# Let's see your bobcat mounts...



## Tyee Dave

Didn't want to derail a different thread but a comment was made that the taxis have a hard time making a realistic mount when it comes to bobcats. Well here's mine. He's a little colder and stiffer when we first met but he looks pretty much the same as the day the cross hairs went on him. The good part is now he doesn't stink quite as bad as he did just after the howling lead bit into his neck.


----------



## JoeZ

Pretty good looking job. Who did it for you? I've got one in a freezer I need to get done.


----------



## Tyee Dave

JoeZ said:


> Pretty good looking job. Who did it for you? I've got one in a freezer I need to get done.
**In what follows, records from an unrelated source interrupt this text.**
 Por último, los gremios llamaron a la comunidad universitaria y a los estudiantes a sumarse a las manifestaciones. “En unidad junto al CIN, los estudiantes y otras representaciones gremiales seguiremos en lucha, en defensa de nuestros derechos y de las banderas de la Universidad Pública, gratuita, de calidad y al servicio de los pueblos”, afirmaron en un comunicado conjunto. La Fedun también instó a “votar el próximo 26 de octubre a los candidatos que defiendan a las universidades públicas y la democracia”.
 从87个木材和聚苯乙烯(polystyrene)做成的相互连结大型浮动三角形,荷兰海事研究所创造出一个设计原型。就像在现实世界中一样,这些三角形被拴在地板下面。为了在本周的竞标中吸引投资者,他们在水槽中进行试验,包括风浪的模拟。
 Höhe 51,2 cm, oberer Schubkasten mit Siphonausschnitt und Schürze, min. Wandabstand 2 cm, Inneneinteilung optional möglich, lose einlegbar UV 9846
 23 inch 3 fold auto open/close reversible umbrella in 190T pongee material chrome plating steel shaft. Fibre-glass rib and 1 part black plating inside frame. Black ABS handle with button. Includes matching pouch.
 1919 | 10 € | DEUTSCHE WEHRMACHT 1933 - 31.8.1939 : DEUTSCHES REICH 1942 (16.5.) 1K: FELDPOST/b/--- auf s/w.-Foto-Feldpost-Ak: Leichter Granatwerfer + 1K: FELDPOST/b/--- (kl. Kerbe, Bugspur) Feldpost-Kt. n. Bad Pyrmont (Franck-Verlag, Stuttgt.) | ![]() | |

Donny Fugate Jr @ XTreme Wildlife Studios. Be careful if you Google him, I accidently put the E before the X and got a porno web page. It was equally as interesting but didn't give me directions to his shop. :whistling:


----------



## Az-Vic

That mount is a bit better, but still has a ways to go. It always seems to be the head/face/ears that the taxis can't seem to nail down and I don't know why that is....maybe some of them just havent observed cats in the wild? I notice yours has the typical taxi "hump back" stance, cats just don't exhibit that type of conformation unless bayed by a dog or when you walk up to them caught ina cage trap, but it's not a normal transitory posture.
Here's a couple cats done "right" Im sure even the novice can appreciate the difference between these two, and the other 99% ers you usually see.


----------



## swhiting

.....:thumbup:


----------



## Tyee Dave

GoodGawdAlmighty! Cross-eyed and all. Much more entertaining than the realistic mounts!:lol::lol::lol:


----------



## JoeZ

Cheese and rice! That one is heinous and then some. 
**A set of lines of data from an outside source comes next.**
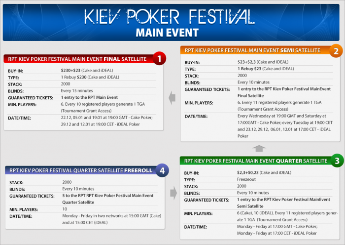Кроме того, в 21:00МСК состоится отборочный турнир RPT Kiev Poker Festival Main Event Semi Satellite на финальный сателлит по $23+$2,3!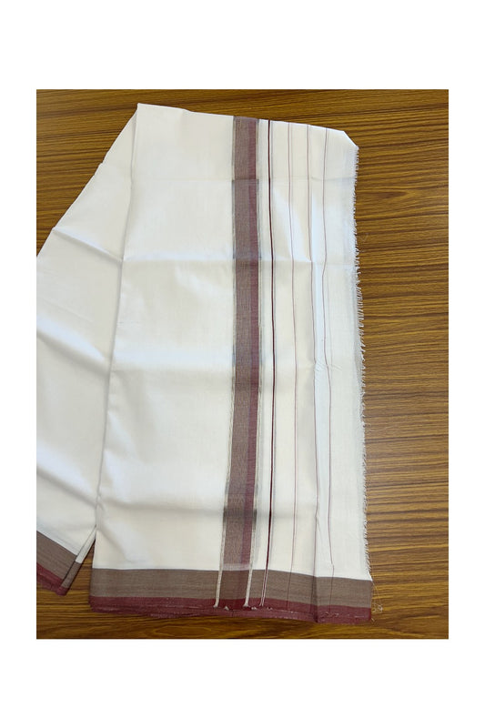 25% Discount ! KaithariKada Handloom Unakkupaav Balaramapuram - 100% Pure Cotton Pure White Double Mundu/Dhoti - (80X100) - 6.5 inch Silver Kasav & Maroon Shaded Striped Kara - 7KK5209 REA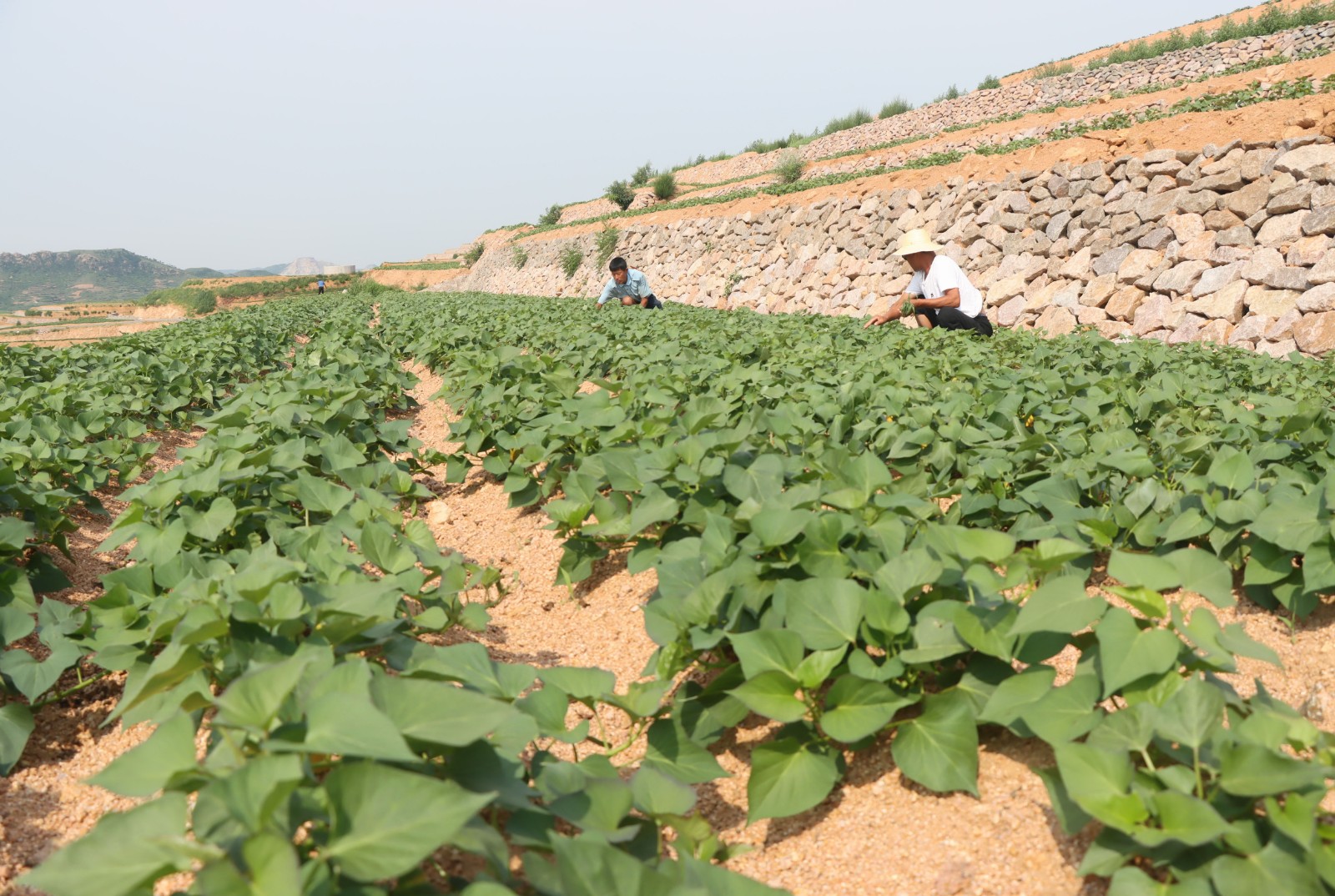 6月28日,河北省盧龍縣雙望鎮(zhèn)劉各莊村的村民在新改造的梯田上勞作。

Where'd the two good ones come from?


----------



## sniperpeeps

Az-vic those two are beautiful. My crappy cell phone picture doesn't do mine justice but it is better than average.


----------



## Sequoiha

Here is mine. on the show room floor


----------



## Tyee Dave

I like. Did you get charged extra for the Mardi Gras beads?


----------



## skullworks

Az-Vic said:


> That mount is a bit better, but still has a ways to go. It always seems to be the head/face/ears that the taxis can't seem to nail down and I don't know why that is....maybe some of them just havent observed cats in the wild? I notice yours has the typical taxi "hump back" stance, cats just don't exhibit that type of conformation unless bayed by a dog or when you walk up to them caught ina cage trap, but it's not a normal transitory posture.
> Here's a couple cats done "right" Im sure even the novice can appreciate the difference between these two, and the other 99% ers you usually see.




http://www.wildlifeartiststudio.com/galleryframe.htm

My understand is that they do most of their work to sell on ebay. Some of the nicest mounts I've ever seen.


----------



## fishinmedic

Here is mine. I have had a few good laughs from the delivery guys when they come in and see it for the first time.


----------



## eodusmc

swhiting said:


> .....:thumbup:


 that some bitch looks crazed


----------



## Sequoiha

Tyee Dave said:


> I like. Did you get charged extra for the Mardi Gras beads?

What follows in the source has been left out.